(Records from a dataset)
-- Opening Marker --

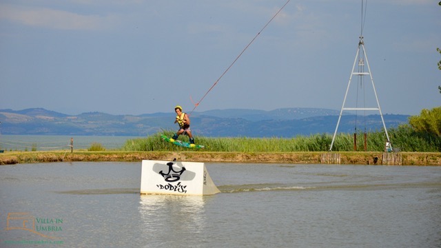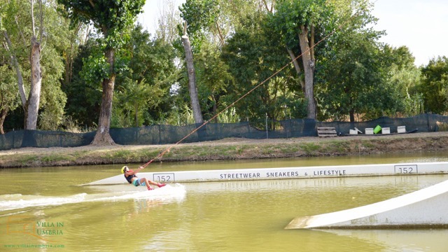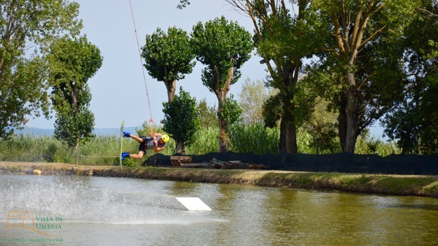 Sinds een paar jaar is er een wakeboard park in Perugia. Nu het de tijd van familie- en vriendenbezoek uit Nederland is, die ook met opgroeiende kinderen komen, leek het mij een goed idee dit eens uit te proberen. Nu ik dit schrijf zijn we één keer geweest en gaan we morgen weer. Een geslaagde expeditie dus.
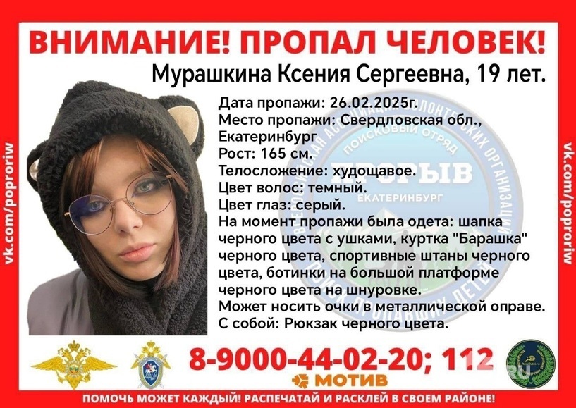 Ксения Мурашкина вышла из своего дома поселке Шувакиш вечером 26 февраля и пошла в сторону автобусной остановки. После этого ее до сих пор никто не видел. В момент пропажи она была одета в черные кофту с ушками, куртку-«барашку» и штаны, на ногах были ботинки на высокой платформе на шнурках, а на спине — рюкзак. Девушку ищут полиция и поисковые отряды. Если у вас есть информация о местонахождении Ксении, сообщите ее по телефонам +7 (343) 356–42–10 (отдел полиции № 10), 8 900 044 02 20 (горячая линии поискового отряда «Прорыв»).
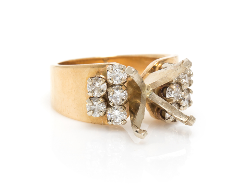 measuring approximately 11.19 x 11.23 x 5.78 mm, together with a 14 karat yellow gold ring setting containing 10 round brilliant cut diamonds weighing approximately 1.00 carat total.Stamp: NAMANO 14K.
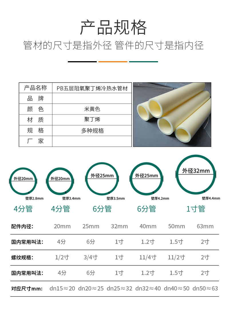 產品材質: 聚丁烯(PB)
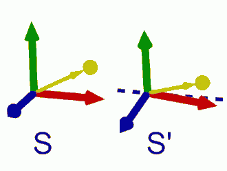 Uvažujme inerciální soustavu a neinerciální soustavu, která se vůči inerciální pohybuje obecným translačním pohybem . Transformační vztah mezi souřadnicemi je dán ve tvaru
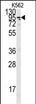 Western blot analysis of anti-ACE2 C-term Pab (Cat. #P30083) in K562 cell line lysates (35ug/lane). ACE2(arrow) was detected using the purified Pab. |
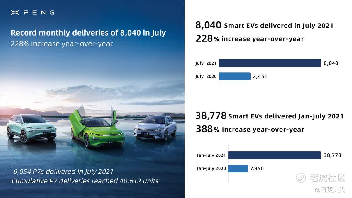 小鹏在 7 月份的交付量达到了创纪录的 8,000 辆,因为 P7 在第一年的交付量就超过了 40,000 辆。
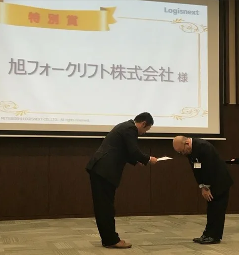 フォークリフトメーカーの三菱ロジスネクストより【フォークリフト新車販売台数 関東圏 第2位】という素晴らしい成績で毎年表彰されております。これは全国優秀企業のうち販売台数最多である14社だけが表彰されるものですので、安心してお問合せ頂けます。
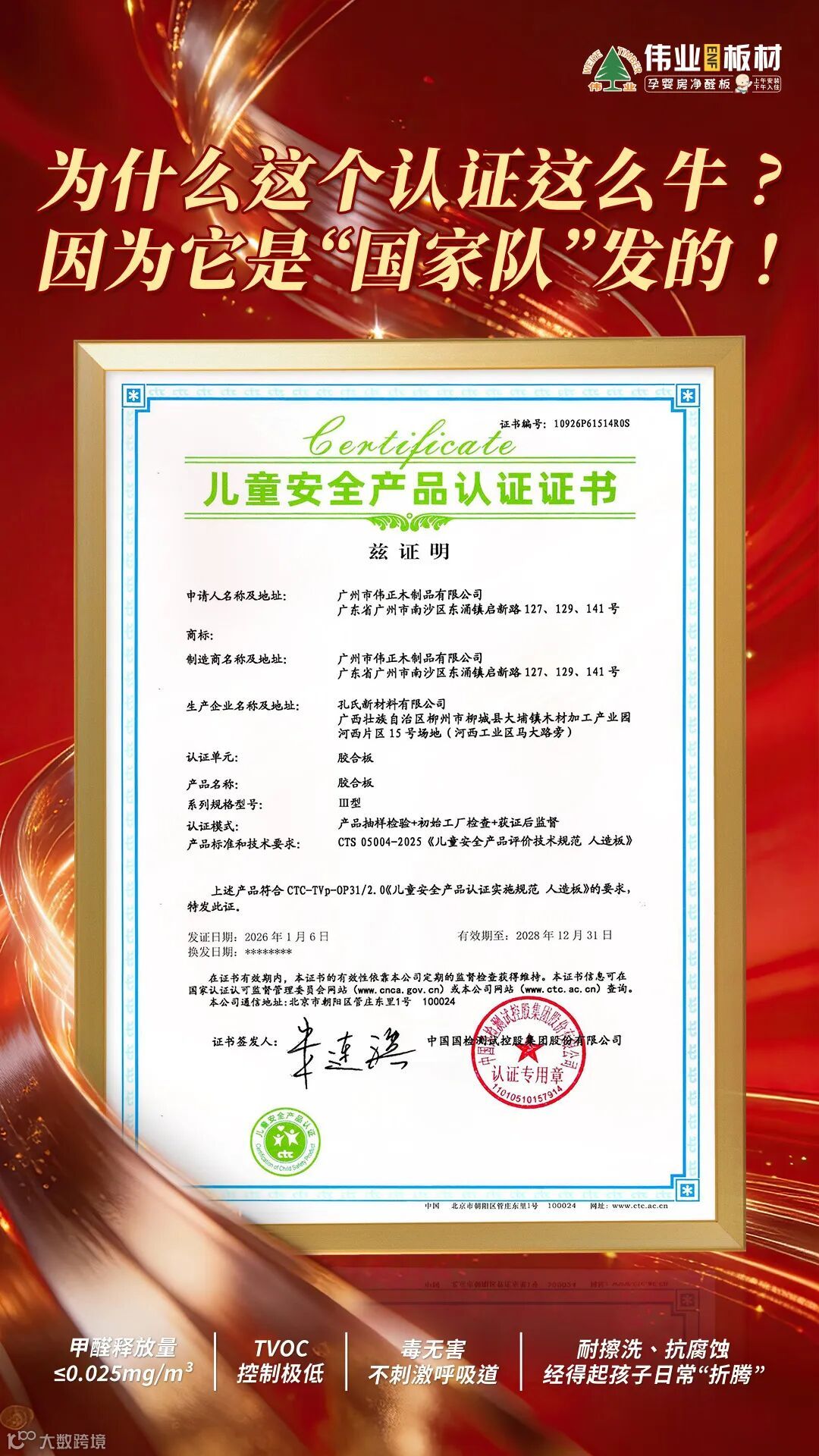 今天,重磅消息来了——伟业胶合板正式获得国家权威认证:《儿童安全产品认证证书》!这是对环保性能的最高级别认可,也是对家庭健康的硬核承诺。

-- Closing Marker --

→ **Aim of the task**: The answer must be the lines above from the one containing "measuring approximately 11.19" through the one containing "產品材質: 聚丁烯(PB)", reproduced exactly, with no pictures and nothing else.

→ **Task response**:
 measuring approximately 11.19 x 11.23 x 5.78 mm, together with a 14 karat yellow gold ring setting containing 10 round brilliant cut diamonds weighing approximately 1.00 carat total.Stamp: NAMANO 14K.
 產品材質: 聚丁烯(PB)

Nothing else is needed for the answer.